In materia di privacy anche il legislatore nazionale deve sottostare ai principi europei
Il 6 febbraio 2019 si è tenuta alla Camera dei Deputati, davanti alle Commissioni riunite 1ª Affari costituzionali e 11ª Lavoro pubblico e privato, l’audizione informale del Presidente del Garante per la protezione dei dati personali, Antonello Soro, sul disegno di legge n. 1433, già approvato al Senato, recante interventi per la concretezza delle azioni delle pubbliche amministrazioni e la prevenzione dell’assenteismo.
In tale testo, all’art. 2, si rinviene infatti la previsione per ogni pubblica amministrazione di predisporre congiuntamente sistemi di rilevazione biometrica delle presenze, unitamente a sistemi di videosorveglianza.
Si tratta in realtà di un tema complesso, già oggetto di rilevi in occasione dell’audizione presso il Senato, rispetto alla cui versione è stata apportata in sede di prima lettura una limitata modifica alla previsione di cui all’articolo 2.
Questa modifica deve tuttavia essere valutata alla luce del canone di proporzionalità che nel contesto della protezione dei dati si pone come parametro essenziale di legittimità del trattamento sotto un duplice profilo.
Esso infatti da un lato rappresenta un criterio regolativo essenziale nello svolgimento del trattamento da parte del titolare per quanto concerne la scelta sulla portata e sulle modalità del trattamento; dall’altro lato il principio di proporzionalità rappresenta un parametro generale di legittimità delle limitazioni del diritto alla protezione dei dati da osservare in conformità ai canoni di cui all’articolo 52 della Carta di Nizza anche in sede di esercizio del potere legislativo.
La Carta di Nizza prevede infatti una serie di requisiti molto puntuali per le limitazioni all’esercizio dei diritti e delle libertà dalla stessa riconosciuti e tra questi rileva anzitutto il necessario rispetto del contenuto essenziale del diritto e il principio di proporzionalità, che ammette limitazioni dei diritti fondamentali solo se siano necessarie e rispondano effettivamente a finalità di interesse generale riconosciute dall’Unione o all’esigenza di proteggere i diritti e le libertà degli interessati.

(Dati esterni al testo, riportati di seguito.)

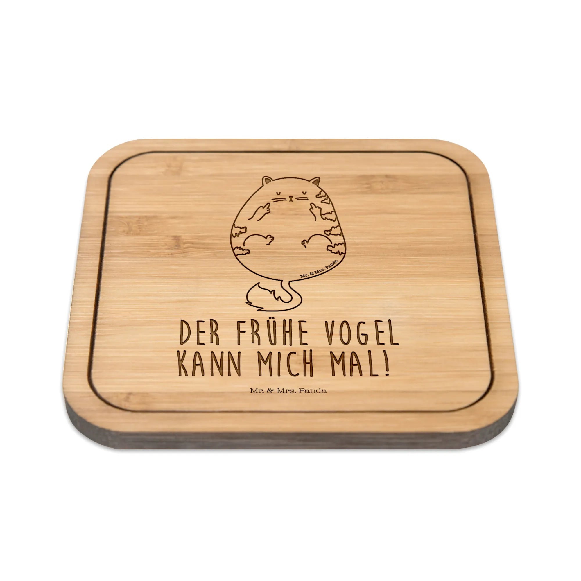 Untersetzer quadratisch Katze Frühaufsteher - mit Spruch
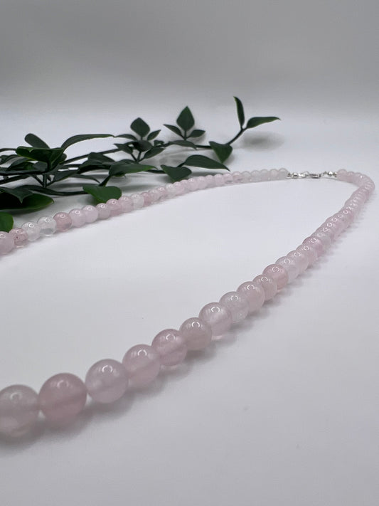 Rosenquarz Perlenkette – Liebe zum Tragen
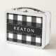Put your name on this cute large print gingham metal lunch box then look cute when you use it for lunch, display or storage.
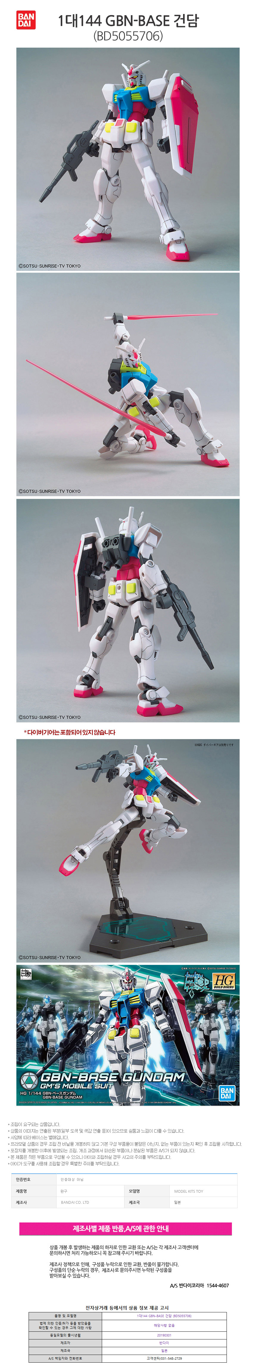 반다이 1대144 GBN-BASE 건담 BD5055706
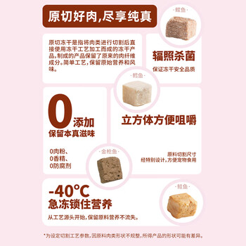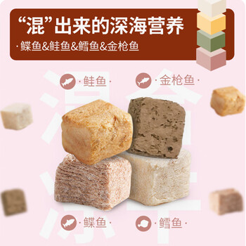 肉类及其制品(鸭肉粉310gkg、鸡油*、牛油*、鸡水解膏**、鸡水解粉**),番薯颗粒,马铃薯颗粒,豌豆,大豆磷脂油粉,甜菜粕颗粒,鱼油,丝兰粉。冻干颗粒:冷冻干燥蝶鱼(5.5g/kg),冷冻干燥雏鱼(5.5g/kg),冷冻干燥鱼(2g/kg),冷冻干燥金枪鱼(2g/kg)
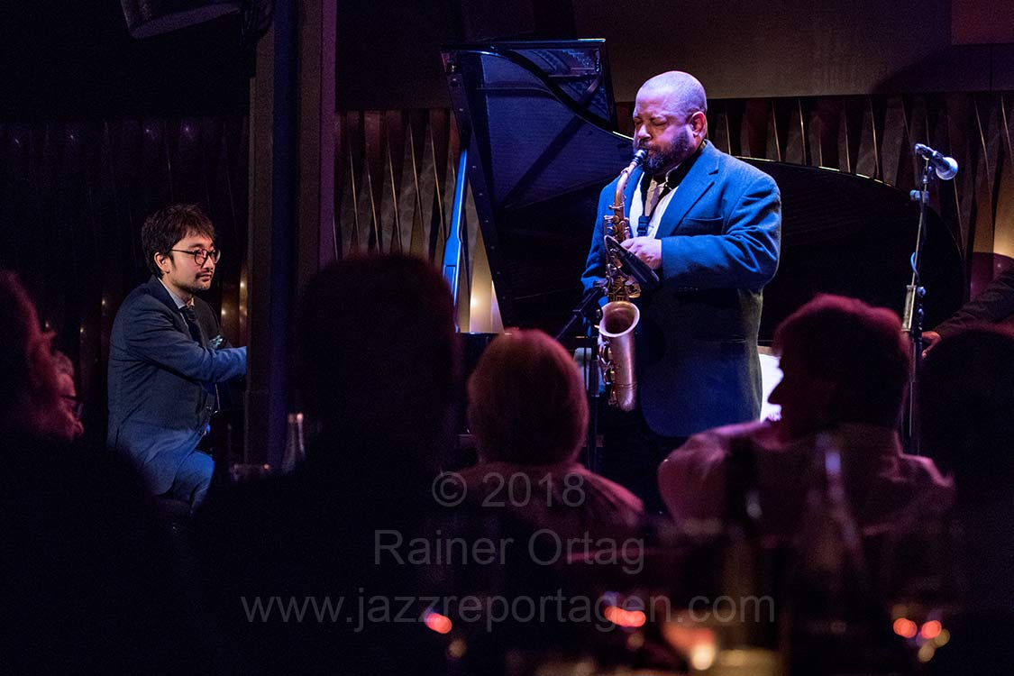 Seit vielen Jahren spielt er zusammen mit dem Saxophonist und Flötist Justin Robinson, der sich unter dem Einfluss der Musik von Charlie Parker und Jackie McLean ganz auf das Altsaxophon verlegt hat. Die beiden Musiker ergänzen sich nicht nur musikalisch perfekt, sie setzen auch mit Vergnügen nach dem Konzert ihre Spielfreude weiterhin fort… (wie bereits beim Jazzfestival Esslingen 2015… )
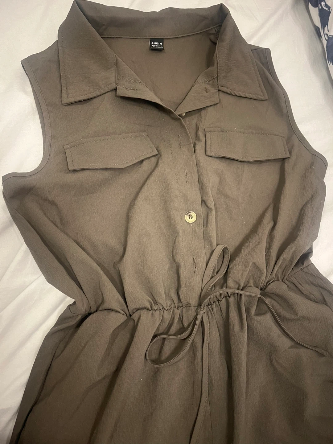 Selling a cute Shein romper in olive green! It's a size medium and in great condition. Perfect for summer days!
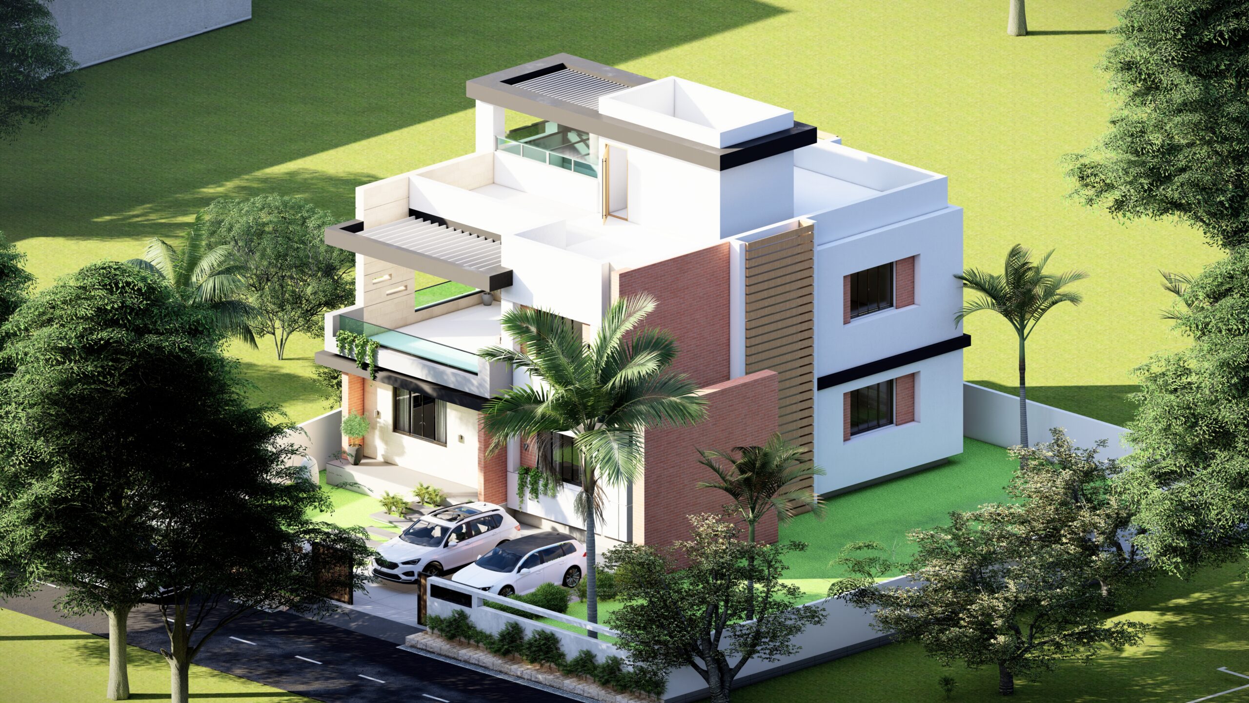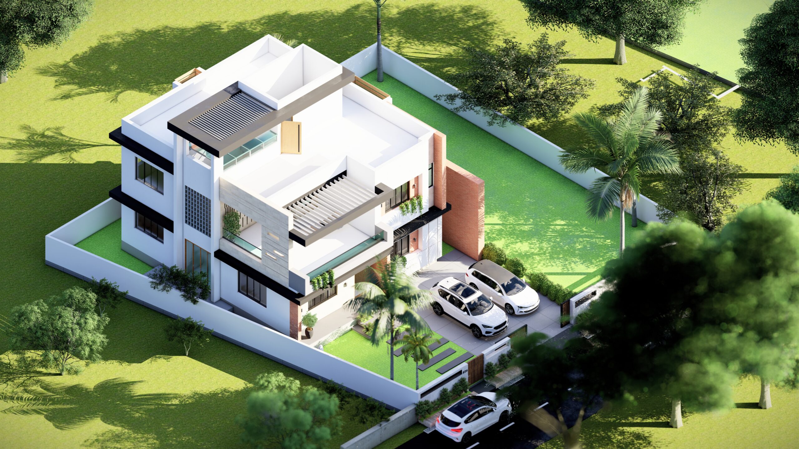 Trikaya is a modern 5BHK bungalow in Vita, designed on a 5600 sq.ft. plot with a 3000 sq.ft. built-up area, catering to a multigenerational family. Anchored by a double-height dining area, the layout promotes light, ventilation, and vertical connectivity. The façade blends exposed brick, natural textures, and wood-finish details for a warm, minimalist appeal. Landscaped terraces and a sleek pergola enhance leisure spaces and add a contemporary touch. Site planning ensures privacy while integrating functional green buffers. Trikaya balances modern living with familial warmth and timeless elegance.

I principi di necessità e proporzionalità sono stati declinati in maniera particolarmente puntuale della disciplina della protezione dei dati prima con la direttiva 95/46 e ora con il Regolamento europeo 2016/679.
A tale riguardo va sottolineato che con la famosa sentenza Digital Right, a proposito di Data retention, la Corte di Giustizia europea ha dichiarato invalido un intero atto normativo dell’Unione per violazione del principio di proporzionalità. La Corte in tale occasione ha infatti ritenuto eccessivamente compresso il diritto alla protezione dei dati, nonostante l’indiscutibile merito del fine di contrasto dei reati per effetto di una misura quale la conservazione dei tabulati telefonici e telematici massiva, in quanto indirizzata verso la generalità dei cittadini e non limitata ad esigenze repressive dei soli reati gravi.
Il principio di proporzionalità impone dunque in primo luogo di limitare le misure a vario titolo restrittive del diritto ai soli casi sorretti da esigenze specifiche differenziate, rendendo così generalmente illegittime le misure massive; in secondo luogo i principi di necessità e proporzionalità inducono a ritenere illegittime le misure limitative del diritto ogni qualvolta sia possibile adottare misure parimenti efficaci ma meno invasive.
Per la stessa ragione la Corte di Giustizia europea si è risolta ad annullare per violazione di tali principi un regolamento europeo in materia di pubblicità delle sovvenzioni agricole. Non una norma statale, ma un Regolamento europeo.
In tale occasione la Corte di Giustizia ha avuto modo di affermare che le restrizioni ai diritti fondamentali devono intervenire entro il limite dello stretto necessario. Il regolamento 2016/679 ha valorizzato ulteriormente il canone di proporzionalità, soprattutto in ambito pubblico, riferendolo alla stessa previsione normativa prima ancora che al trattamento in sé, chiedendo quindi al legislatore di contemperare le specifiche esigenze sottese al trattamento con il diritto alla protezione dei dati.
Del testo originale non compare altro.